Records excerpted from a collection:
---+---

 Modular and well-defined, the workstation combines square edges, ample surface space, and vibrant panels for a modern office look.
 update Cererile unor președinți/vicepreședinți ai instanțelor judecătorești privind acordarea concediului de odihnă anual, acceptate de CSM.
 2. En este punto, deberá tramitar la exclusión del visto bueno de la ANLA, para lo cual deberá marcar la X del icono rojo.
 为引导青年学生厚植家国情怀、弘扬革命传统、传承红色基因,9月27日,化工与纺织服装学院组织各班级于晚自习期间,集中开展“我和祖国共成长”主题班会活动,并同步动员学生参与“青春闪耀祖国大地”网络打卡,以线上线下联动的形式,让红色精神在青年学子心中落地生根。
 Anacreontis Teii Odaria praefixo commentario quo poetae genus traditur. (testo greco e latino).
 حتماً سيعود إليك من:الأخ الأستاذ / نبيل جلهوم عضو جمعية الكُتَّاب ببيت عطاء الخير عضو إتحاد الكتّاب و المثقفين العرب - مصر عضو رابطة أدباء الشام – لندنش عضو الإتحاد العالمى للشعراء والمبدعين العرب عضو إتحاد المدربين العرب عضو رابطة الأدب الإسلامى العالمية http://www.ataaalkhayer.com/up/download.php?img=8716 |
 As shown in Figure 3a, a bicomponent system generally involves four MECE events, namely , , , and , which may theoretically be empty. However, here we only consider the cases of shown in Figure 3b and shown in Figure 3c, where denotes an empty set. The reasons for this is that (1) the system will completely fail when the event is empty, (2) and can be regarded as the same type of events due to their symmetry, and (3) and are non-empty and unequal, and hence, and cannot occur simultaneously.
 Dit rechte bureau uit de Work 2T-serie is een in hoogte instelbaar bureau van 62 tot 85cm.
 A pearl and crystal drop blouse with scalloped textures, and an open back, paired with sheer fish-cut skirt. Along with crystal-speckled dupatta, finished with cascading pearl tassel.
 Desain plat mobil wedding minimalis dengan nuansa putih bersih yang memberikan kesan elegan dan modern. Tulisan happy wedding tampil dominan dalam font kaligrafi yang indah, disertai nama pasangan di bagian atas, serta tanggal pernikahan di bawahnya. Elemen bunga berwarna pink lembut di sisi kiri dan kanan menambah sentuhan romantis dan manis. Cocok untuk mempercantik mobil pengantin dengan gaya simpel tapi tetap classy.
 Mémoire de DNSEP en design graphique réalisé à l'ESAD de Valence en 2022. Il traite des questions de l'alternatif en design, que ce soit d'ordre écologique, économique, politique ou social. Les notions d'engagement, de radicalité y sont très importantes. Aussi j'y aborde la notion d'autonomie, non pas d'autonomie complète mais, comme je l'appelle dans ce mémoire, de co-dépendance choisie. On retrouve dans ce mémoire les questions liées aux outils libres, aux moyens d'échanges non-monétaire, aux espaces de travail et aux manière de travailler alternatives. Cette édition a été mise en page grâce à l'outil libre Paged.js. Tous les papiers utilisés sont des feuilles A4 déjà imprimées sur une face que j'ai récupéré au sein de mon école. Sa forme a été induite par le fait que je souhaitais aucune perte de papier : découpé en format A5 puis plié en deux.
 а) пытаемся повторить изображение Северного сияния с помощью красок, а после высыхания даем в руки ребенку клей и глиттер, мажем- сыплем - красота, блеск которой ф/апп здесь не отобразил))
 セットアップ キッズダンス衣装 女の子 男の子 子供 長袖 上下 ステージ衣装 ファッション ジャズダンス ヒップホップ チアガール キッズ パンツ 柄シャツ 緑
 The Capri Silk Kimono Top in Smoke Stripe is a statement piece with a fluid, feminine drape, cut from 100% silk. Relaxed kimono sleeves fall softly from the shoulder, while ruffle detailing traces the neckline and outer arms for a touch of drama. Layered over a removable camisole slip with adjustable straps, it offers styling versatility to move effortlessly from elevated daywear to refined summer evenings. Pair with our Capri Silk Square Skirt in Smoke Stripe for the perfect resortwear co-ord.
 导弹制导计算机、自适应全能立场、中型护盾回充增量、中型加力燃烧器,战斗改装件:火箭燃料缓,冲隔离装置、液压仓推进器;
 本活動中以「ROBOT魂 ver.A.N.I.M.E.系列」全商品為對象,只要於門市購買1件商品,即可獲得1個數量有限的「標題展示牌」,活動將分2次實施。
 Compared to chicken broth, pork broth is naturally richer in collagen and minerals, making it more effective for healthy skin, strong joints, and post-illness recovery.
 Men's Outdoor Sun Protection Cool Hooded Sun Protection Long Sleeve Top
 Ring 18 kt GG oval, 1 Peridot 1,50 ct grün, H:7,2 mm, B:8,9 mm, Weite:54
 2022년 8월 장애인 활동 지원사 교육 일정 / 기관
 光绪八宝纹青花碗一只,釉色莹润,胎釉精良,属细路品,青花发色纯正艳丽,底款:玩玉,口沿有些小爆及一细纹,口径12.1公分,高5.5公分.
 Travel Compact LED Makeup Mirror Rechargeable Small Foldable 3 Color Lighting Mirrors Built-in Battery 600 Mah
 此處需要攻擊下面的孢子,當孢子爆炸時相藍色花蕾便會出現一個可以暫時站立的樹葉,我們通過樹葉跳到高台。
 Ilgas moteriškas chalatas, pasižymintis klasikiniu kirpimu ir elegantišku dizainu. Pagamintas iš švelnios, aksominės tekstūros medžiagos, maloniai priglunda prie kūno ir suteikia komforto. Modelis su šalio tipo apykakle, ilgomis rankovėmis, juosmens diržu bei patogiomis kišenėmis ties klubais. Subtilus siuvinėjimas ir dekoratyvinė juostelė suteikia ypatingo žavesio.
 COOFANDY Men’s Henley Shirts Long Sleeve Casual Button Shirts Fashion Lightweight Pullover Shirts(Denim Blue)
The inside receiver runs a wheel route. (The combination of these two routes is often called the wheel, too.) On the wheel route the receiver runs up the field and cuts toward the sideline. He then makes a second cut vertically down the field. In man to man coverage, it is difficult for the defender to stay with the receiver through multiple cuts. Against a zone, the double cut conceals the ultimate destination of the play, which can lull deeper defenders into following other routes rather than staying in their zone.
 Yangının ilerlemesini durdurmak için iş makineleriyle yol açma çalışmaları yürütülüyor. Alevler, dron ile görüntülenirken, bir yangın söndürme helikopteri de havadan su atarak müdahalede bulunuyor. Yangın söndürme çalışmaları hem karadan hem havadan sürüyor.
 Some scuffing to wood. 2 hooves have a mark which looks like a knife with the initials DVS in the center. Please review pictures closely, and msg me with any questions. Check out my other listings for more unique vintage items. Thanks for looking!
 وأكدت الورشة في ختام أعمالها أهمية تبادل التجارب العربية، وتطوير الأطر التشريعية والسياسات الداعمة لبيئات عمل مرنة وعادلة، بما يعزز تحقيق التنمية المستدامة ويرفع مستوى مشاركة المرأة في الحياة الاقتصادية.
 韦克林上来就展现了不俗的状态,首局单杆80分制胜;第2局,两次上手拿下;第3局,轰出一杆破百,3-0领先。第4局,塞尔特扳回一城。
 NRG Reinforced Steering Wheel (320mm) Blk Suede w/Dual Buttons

---+---

== Instructions to follow ==
Copy out only the lines above from the one with "Compared to chicken" to the one with "2022년 8월 장애인 활동 지원사 교육 일정 / 기관", inclusive, exactly as they stand.

== Response below ==
 Compared to chicken broth, pork broth is naturally richer in collagen and minerals, making it more effective for healthy skin, strong joints, and post-illness recovery.
 Men's Outdoor Sun Protection Cool Hooded Sun Protection Long Sleeve Top
 Ring 18 kt GG oval, 1 Peridot 1,50 ct grün, H:7,2 mm, B:8,9 mm, Weite:54
 2022년 8월 장애인 활동 지원사 교육 일정 / 기관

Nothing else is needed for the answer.